ATLANTA (AP) There is no escaping Nick Saban’s influence on the Southeastern Conference. His coaching tree was represented on each of the four days of the SEC’s media gathering.
South Carolina’s Will Muschamp, who was Saban’s defensive coordinator when LSU won the 2003 national championship, took the stage on Thursday. It was no surprise he was asked to talk about Saban.
New Texas A&M coach Jimbo Fisher, who also worked under Saban at LSU, took his turn on Monday.
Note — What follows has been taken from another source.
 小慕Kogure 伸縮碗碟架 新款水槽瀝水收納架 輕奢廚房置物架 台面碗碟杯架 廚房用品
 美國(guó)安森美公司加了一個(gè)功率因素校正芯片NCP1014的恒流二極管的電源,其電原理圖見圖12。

Then came two of Saban’s former Alabama defensive coordinators – Georgia’s Kirby Smart on Tuesday and new Tennessee coach Jeremy Pruitt on Wednesday.
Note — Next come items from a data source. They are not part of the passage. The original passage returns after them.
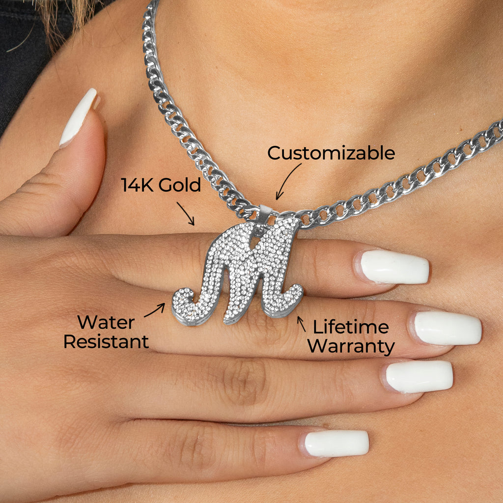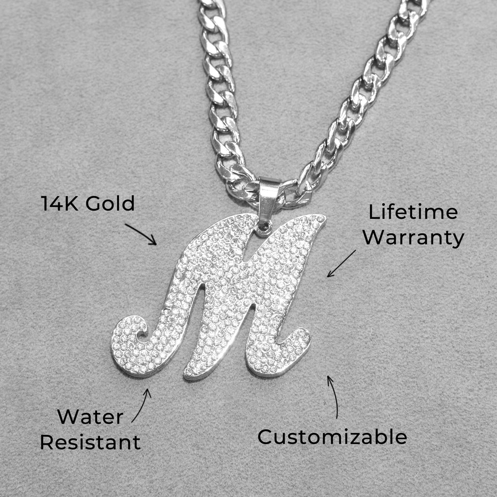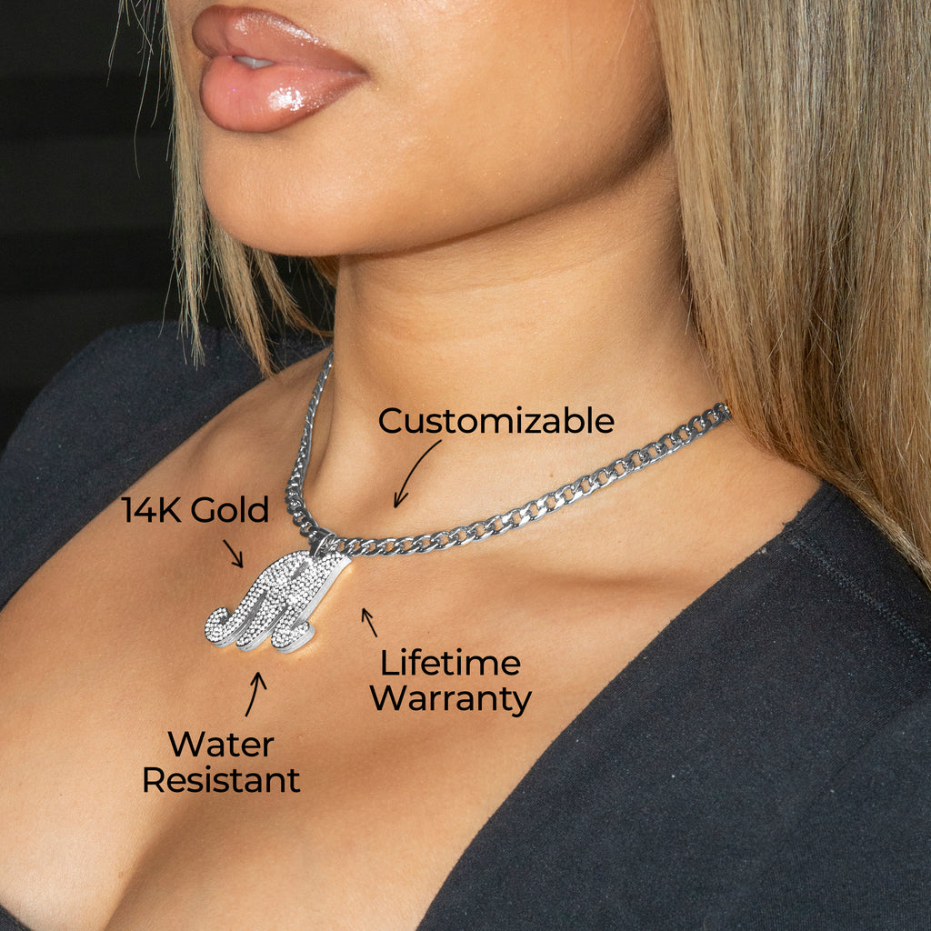 Women Jewelry - White Gold Initial Iced Out VVS Necklace | Style # 48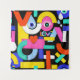 Colourful abstract pattern with word love inside, eyes, tears, colour blocks. Pattern illustration with bright colour-blocking shapes. Trendy colourful pop art geometric pattern with bold shapes on black.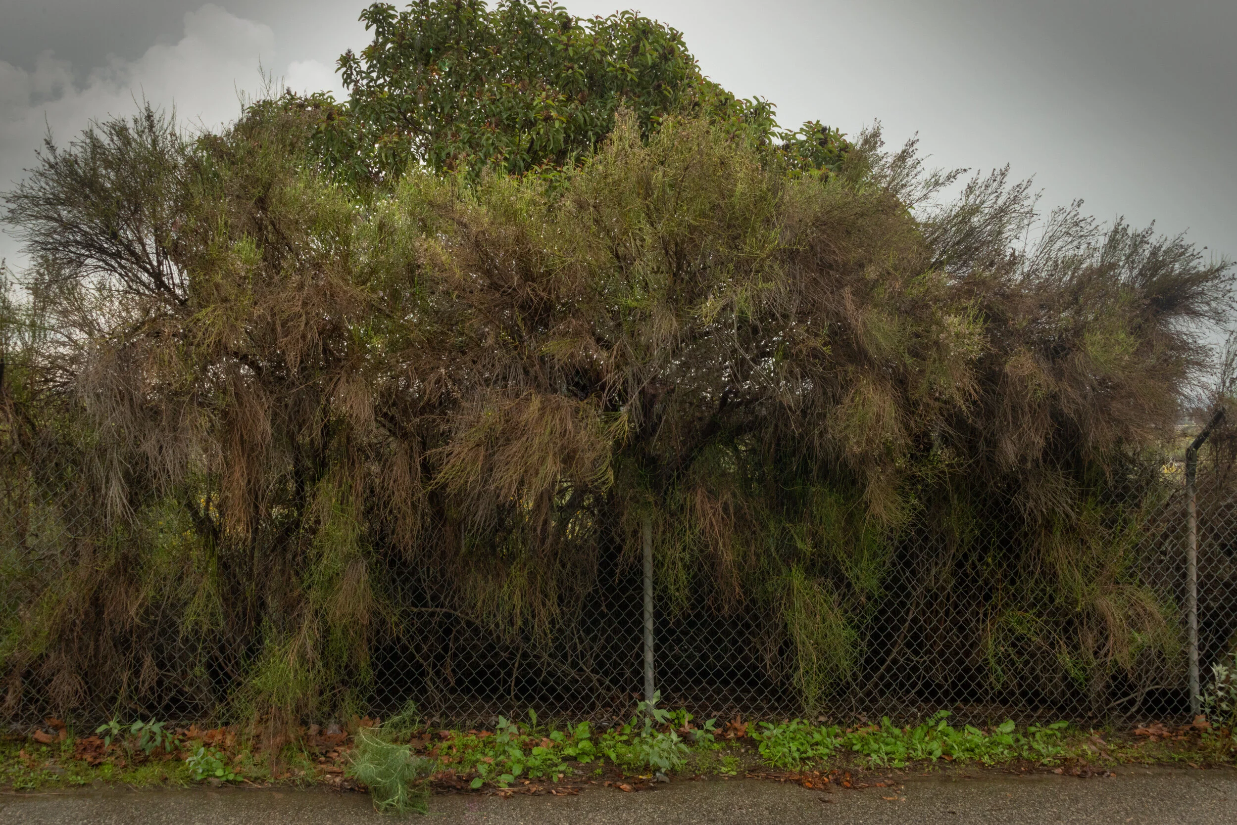 Fences are a geometric imposition, more suggestive than definite. They are an enforcement on nature, but they almost disappear as if they were only thoughts or lines on a map. Plants observe and envelope them. They bring vertical planes into our view of the landscape. Sometimes shimmering, diamond shapes stretched in steel mesh, that interrupt the visual flow of the land. Fences are a graphic expression of the need for humans to impose their will upon nature.

”When you work for coach Saban, it’s a total education in the game of football, recruiting, all of the things that you got to do to be successful,” Muschamp said.
Muschamp and the other former Saban assistants all are chasing the Alabama legend in the Southeastern Conference.
It’s not easy to top the mentor. Saban is 12-0 against his former assistants, including a win over Smart’s Bulldogs in last season’s national championship game. Even in a season in which Smart took Georgia to its first SEC title since 2005, it wasn’t enough to beat Saban in the biggest game.
Still, university presidents and athletic directors in the SEC can’t be blamed for looking to hire coaches who have trained under Saban, who has won six national championships, including five at Alabama.
”You are what your record is,” Muschamp said. ”Nick is the best coach in college football because of the accomplishments he’s had. He’s done an outstanding job running his program from a scheme standpoint, from a recruiting standpoint, from a development standpoint. You name it, he does an outstanding job.”
Alabama is 125-14 under Saban in the last 10 seasons, the most wins by any FBS school in a 10-year span in The Associated Press poll era (since 1936).
Perhaps SEC administrators have hoped some of Saban’s magic comes as part of the package when hiring his former assistants. Or maybe they’ll have a hotline to Saban for help in times of crisis.
Pruitt poked a little fun at that idea.
”You think coach Saban is going to give me advice?” Pruitt asked.
Actually, yes. Saban said he often takes calls seeking advice.
”Well, there’s been many occasions where the guys that are coaching other places, even in our league, call on occasion and ask questions about things that may be a management problem for them, whether it’s their quarterback situation, whether it’s what I think of a certain rule or something that’s going to happen in the future,” Saban said Wednesday.
”Sometimes I call them and ask for their advice and their opinion on things.”
Perhaps the most important advice is to avoid trying to impersonate anyone, including Saban.
”What I tell every guy that when they leave, whether it was Jim McElwain or Kirby or whoever, I said the most important thing for you, when you go to be your own head coach, is you have to be who you are,” Saban said. ”You have to be yourself.”
Pruitt also coached under Mark Richt at Georgia and Fisher at Florida State. He had the longest stay, eight years, under Saban.
Pruitt described Saban as ”relentless.”
”Nobody works harder than he does,” Pruitt said. ”He’s a great coach, great teacher.”
Saban’s SEC coaching tree also includes former Florida coach Jim McElwain and former Tennessee coaches Derek Dooley and Lane Kiffin. His influence extends outside the league to such current coaches as Michigan State’s Mark Dantonio, Houston’s Major Applewhite and Oregon’s Mario Cristobal.
Current NFL coaches who worked under Saban include Atlanta Falcons’ Dan Quinn, Dallas Cowboys’ Jason Garrett and Miami Dolphins’ Adam Gase.